[GAME] Answer to Ask

It doesn’t have to be worthwhile – just “creative”!

I’m both. And I don’t even remember that Truth or Dare thread that was linked to.

I’ll answer, just to get the game going again.

It’s not really a fetish, as the literal definition of fetish is ‘something that you need in order to become aroused’, although it is commonly used as ‘something that turns you on’, and I am using the latter… but I have a thing for deep, gravelly voices- they turn me on so much. So if I’m with a guy that has a voice like that, I will ask him to talk to me during sex. He may think that I have a thing for being talked dirty to, but I don’t, at all- it’s just the voice I want to hear and he could be reading the phonebook for all I care.

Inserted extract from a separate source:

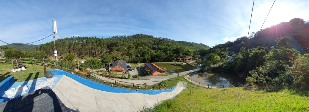 Fica no topo de um dos vales. A visão ali de cima é sensacional, coisa de outro mundo! Em um fim de tarde, eu fiquei reparando que as árvores no topo da outra colina, com o vento ficavam dançando de um lado para o outro. Muito bonito. E com toda essa visão, ali há um parquinho bem preparado para atender as crianças.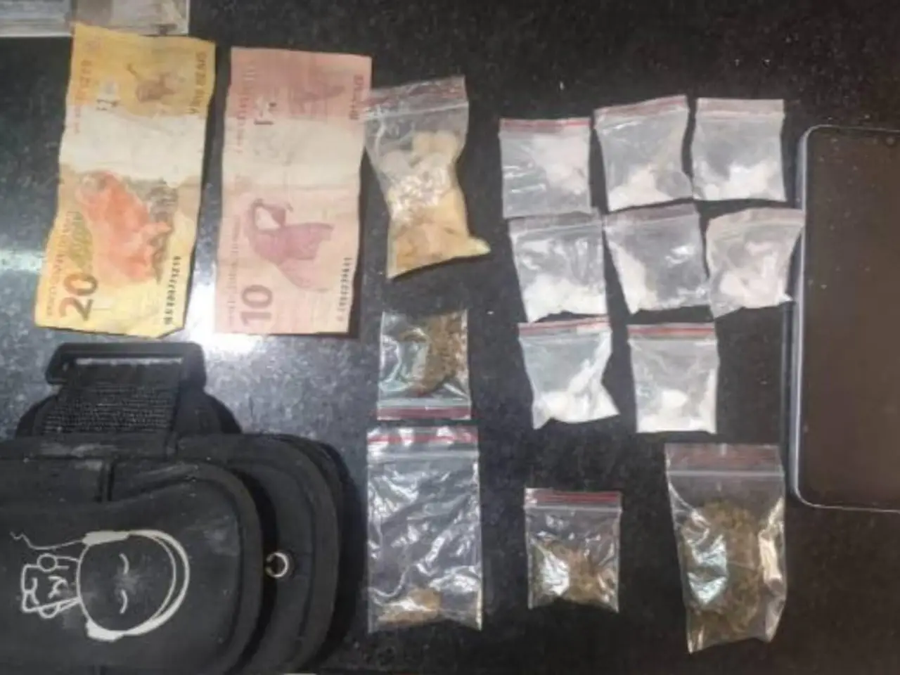 Ao perceberem a aproximação da viatura, os suspeitos tentaram fugir. Durante o acompanhamento, um dos indivíduos foi alcançado, sendo encontrado em sua posse uma pochete contendo 4 papelotes de maconha, 8 papelotes de cocaína e 12 gramas de crack.

My question- do you ever call in sick to work when you really just need a mental health day and if so, how often do you do that?

Answer: I don’t, because it’s too much hassle finding a replacement/screwing up everyone’s schedule. Occasionally, I’ll call in late so I can sleep longer, though. Maybe 3 or 4 times a year.

Ask: What’s the dumbest way you’ve gotten an accidental injury?

Answer: Riding on (and subsequently falling off from) the back bumper of a relatively fast-moving car on my skateboard and breaking my collarbone.

Ask: At what age did you lose your virginity?

I was 19.

My Question: What’s the worst trouble you got into as a kid?

answer: Went exploring with a friend, on the railroad tracks, when we were supposed to be playing in the yard. Crossed a train trestle and everything. I was 6. I was unable to sit for a long time, after my father was through with me.

ask: If I snooped around your house, what’s the most embarrassing thing I’d find?

Answer: Sex toys. Kinda funny story actually. I got a couple drawstring bags for free with orders from Sephora. One I used for a gift for my mom and the other I used to store my sex toys. Then one horrible summer I was staying at my mom’s house for a couple months while I apartment-searched, and my mom is a HUGE unrepentant snoop and one day I saw the bag sitting out on a table at her house. I about had a heart attack. Then realized it was just the bag I gave her.

Ask: What is the most illegal thing you’ve ever done? Probably don’t answer if it was jaywalking because you’re just going to look boring.

I once killed a man.

When is the last time you broke the law?

answer: over 10 years ago. I drove drunk for a whole two miles, and was terrified the entire time. I’m pretty law-abiding.

ask: If you could have sex with any famous person, who would it be?

Answer: Uh, off the top of my head…that girl from “That 70’s Show”; the brunette. :smiley:

Ask: Have you ever had sex with a famous person?

Answer: Nope but more than I care to admit who aspired to be (and that was NOT why I did…I always thought they were delusional).

Ask: What is the grossest sexual thing you’ve ever done (according to what you think most people would say)?

answer: oh, jeez. does anal count as gross? cuz that’s all I’ve got.

ask: have you ever shoplifted?

Answer: no, I have not.

Ask: how many partners have you cheated on in the past?

As long as we’re talking human partners, none. I have cuddled with strange felines and been called out on it when I returned home, but nothing has ever actually been proven.

What is the closest you’ve ever come to being actually arrested, but not.

Answer: I was pulled over after drinking when I was 17. I did the field sobriety tests well, and blew a minimal BAC. But for juveniles in VA there is zero tolerance for DUI. Knowing what I know now (as an attorney in VA), the cop really didn’t want to do Juvie paperwork. I was a quarter mile from home, and he let me go. Whew!!!

Question: what is your worst personality quirk?

Answer: I need to be left alone, frequently throw the main breaker and take the battery out of my phone. Go for long hikes and long paddles alone. Every man in my life have assumed that I’m up to no good when I’m unreachable and have resented me for the time I spend doing me things. Sometimes I lie to buy time and space.

Question: What do you secretly overindulge in?

Beef jerky. Can’t get enough of it. I’d eat it every day if I didn’t exercise some self control.

Question: What odd little ritual(s) do you secretly perform for luck, even though you’re not remotely superstitious and far too smart and together to believe in that sort of woo b.s. ?

The only thing I can even remotely think of is that I try not to step on cracks, in order to leave my mother’s spine intact. I really don’t believe in any kind of superstitions at all.
Asking: Have you ever been emotionally or physically abusive to a partner?

Answer: Heck ya. I am super manipulative. I will push and push the tolerance level of my SO to see how much of my BS they will put up with because I was emotionally abused as a child and fear abandonment. I (wrongly) figure that if my SO can’t handle the crazy, emotional, over anxious me they don’t really love me. I have pushed away a number of great guys through this emotional crap. Fortunately I have become more self aware as I have gotten older and my husband won’t put up with my crap and calls me out on it all the time, so that has helped me not be so insecure and horrible to him. He puts up with a lot and I love him for it.

Ask: Have you ever passive-aggressively gotten back at a co-worker you secretly hated?